The Georgia Supreme Court has held that if a challenger's petition before an ALJ seeks to overturn the issuance of a permit, “the burden shift[s] to the challenger to show that the permit was wrongfully issued.”  Hughey, supra at.   See also Longleaf, supra, at 768(7).   The parties in this case disagree about how a permit challenger shows that the permit was wrongfully issued in the context of a de novo hearing before an ALJ.

Appellants contend that a “permit challenger must affirmatively demonstrate by a preponderance of the evidence that the permit, or the operation of the permitted activity pursuant to the terms and conditions of the permit, violates or will violate provisions of the applicable statute or the regulations adopted thereunder.”   Appellants argue that permit challengers must affirmatively prove that a permit was “wrongfully issued” under the Coastal Marshlands Protection Act by showing by a preponderance of the evidence that the proposed structure would be contrary to public interest or that a feasible alternative exists.   See OCGA § 12–5–286(h).

Riverkeeper does not dispute that it bears the burden of proof before the ALJ or that the ALJ conducts a de novo hearing.   Instead, it asserts that it can fulfill its burden of showing the permit was “wrongfully issued” by pointing out that the Committee lacked “the information needed to make a valid public interest determination.”   According to Riverkeeper, the Committee lacked “information necessary to make a valid public interest determination” as demonstrated by its special condition for the permit to require MID–ROC to gather data after the permit was issued.   It contends that it can meet its burden “by showing that the permit was wrongfully issued because the applicant and the agency did not meet the standards of the Marsh Act, which require a demonstration by the applicant and findings by the agency before the permit can issue.”   In essence, Riverkeeper asserts that an ALJ should deny a permit if there was insufficient evidence before the Committee showing that a particular structure will not be contrary to the public interest.
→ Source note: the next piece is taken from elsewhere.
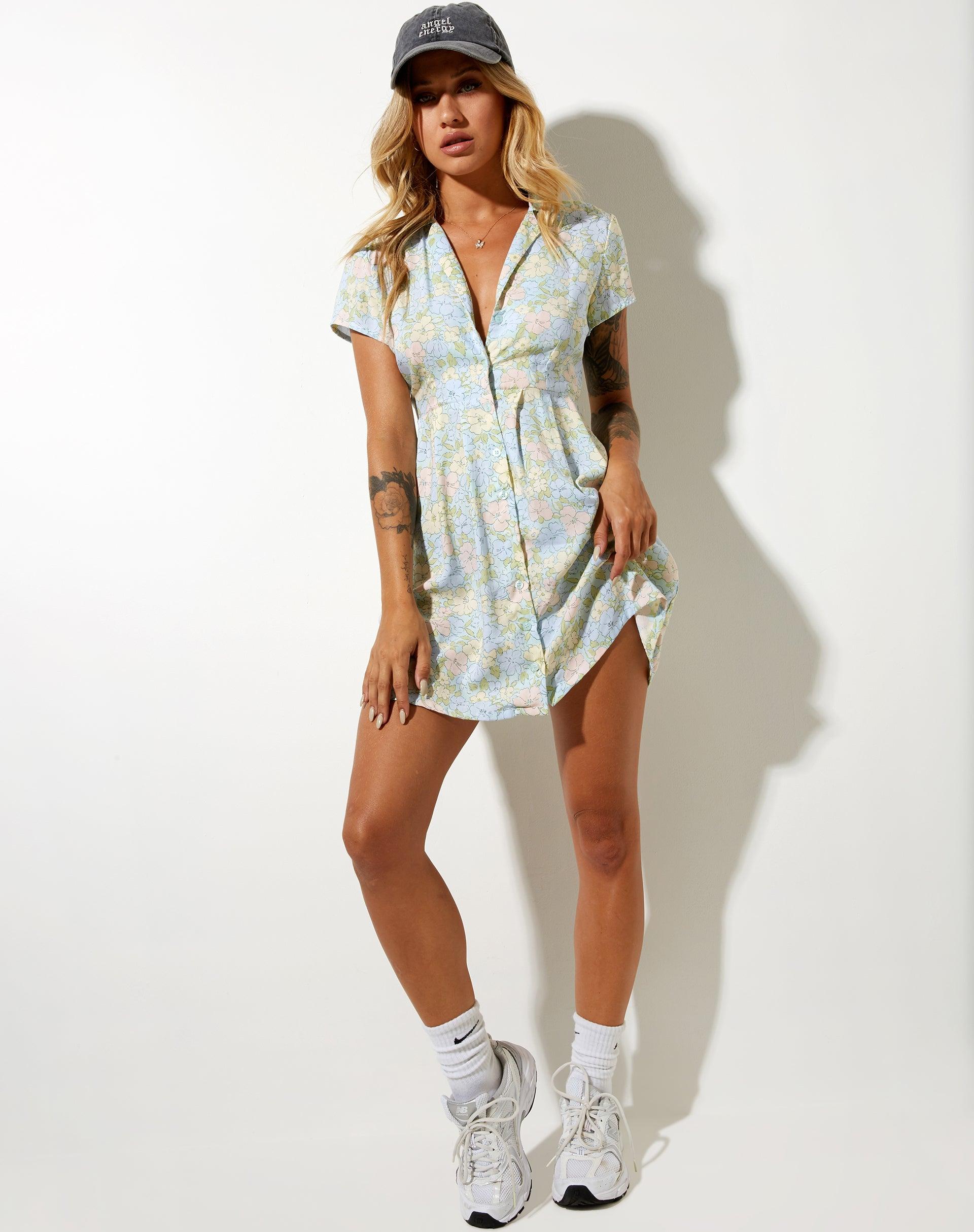 Update your summer wardrobe with our Arte dress. Featuring a mini fit, short sleeves and v neckline in a washed out pastel floral print. Keep it casual with a pair of chunky white trainers. MODEL WEARS:S - MODEL HEIGHT:5'8 - FABRIC CONTENT: 100% VISCOSE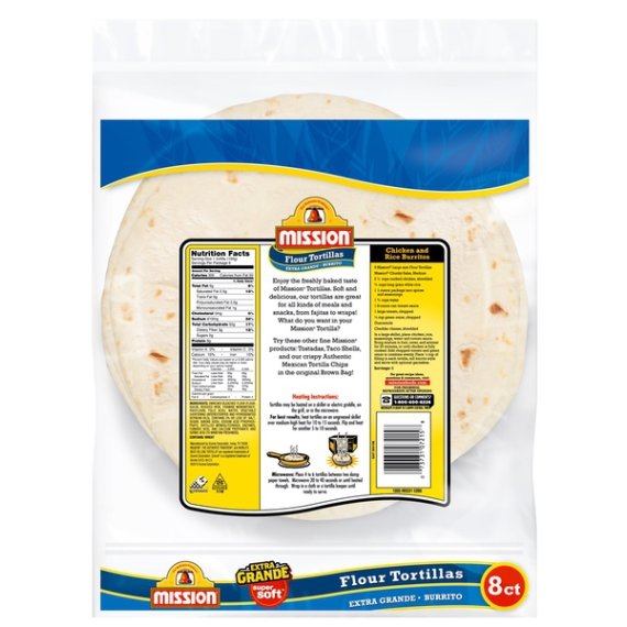 Details Ingredients ENRICHED BLEACHED WHEAT FLOUR (WHEAT FLOUR, NIACIN, REDUCED IRON, THIAMINE MONONITRATE, RIBOFLAVIN, FOLIC ACID), WATER, VEGETABLE SHORTENING (INTERESTERIFIED SOYBEAN OIL, HYDROGENATED SOYBEAN OIL AND/OR PALM OIL), CONTAINS 2% OR LESS OF: SALT, SUGAR, LEAVENING (SODIUM BICARBONATE, SODIUM ALUMINUM SULFATE, CORN STARCH, MONOCALCIUM PHOSPHATE AND/OR SODIUM ACID PYROPHOSPHATE, CALCIUM SULFATE), DISTILLED MONOGLYCERIDES, ENZYMES, WHEAT STARCH, CALCIUM CARBONATE, ANTIOXIDANTS (TOCOPHEROLS, ASCORBIC ACID, CITRIC ACID), CELLULOSE GUM, GUAR GUM, DOUGH CONDITIONERS (FUMARIC ACID, SODIUM METABISULFITE AND/OR MONO- AND DIGLYCERIDES), CALCIUM PROPIONATE AND SORBIC ACID (TO PRESERVE FRESHNESS). Show more Product features The super soft texture and fresh baked taste of Mission Extra Grande Burrito Flour Tortillas makes them the perfect complement to any homemade meal. Our tortillas are extra-large to hold all of your favorite burrito fillings, but they're versatile enough to use for everything from quesadillas to jumbo fajitas. We also craft our flour tortillas without any trans fat or cholesterol, so you can feel good about serving them to your friends and family. We recommend sandwiching strip steak, provolone cheese, and veggies between two of our flour tortillas to create a deliciously gooey cheesesteak quesadilla. Includes one 8 ct package of Mission Extra Grande Burrito Flour Tortillas. One 8 count package of Extra Grande Mission Burrito Flour Tortillas Super soft texture 0g of trans fat per serving No cholesterol Versatile addition to any recipe Net Quantity of Content 8 X 100 g

We find no merit in Riverkeeper's argument.   Under the Administrative Procedures Act, the ALJ was required to make an “independent determination” based upon the evidence presented and was authorized to make any disposition available to the Committee when it reviewed the permit application.   See Longleaf, supra.   Requiring an ALJ to determine whether a permit applicant met its burden of proof before the Committee would vitiate the long-standing rule that an ALJ must make an independent determination of whether the permit would violate the provisions of the applicable statute or regulations.   See Gwinnett County v. Lake Lanier Assoc., 265 Ga.App. 214, 221(2) (593 S.E.2d 678) (2004) (holding trial court erred by shifting burden of proof to agency to demonstrate compliance with statute when permit challenger “had burden to demonstrate noncompliance”), affirmed in part, reversed in part, Hughey, supra;  In re Coffee County Solid Waste Handling Permit, supra (concluding permit challenger's argument that evidence before agency was insufficient will not sustain their burden of proof before ALJ).

In this case, the ALJ's order reveals that it carefully considered and analyzed all of the available evidence and independently determined that there was “no credible evidence that the proposed dock” would be contrary to the public interest or that a feasible alternative site existed.   The superior court reviewed these findings and concluded they were supported by some evidence, i.e., some evidence in the hearing before the Committee.   But what evidence was presented to the Committee is irrelevant to this case.   The proper issue for the Superior Court was whether there was enough evidence at the hearing before the ALJ. There was some evidence before the ALJ and therefore its decision should have been affirmed.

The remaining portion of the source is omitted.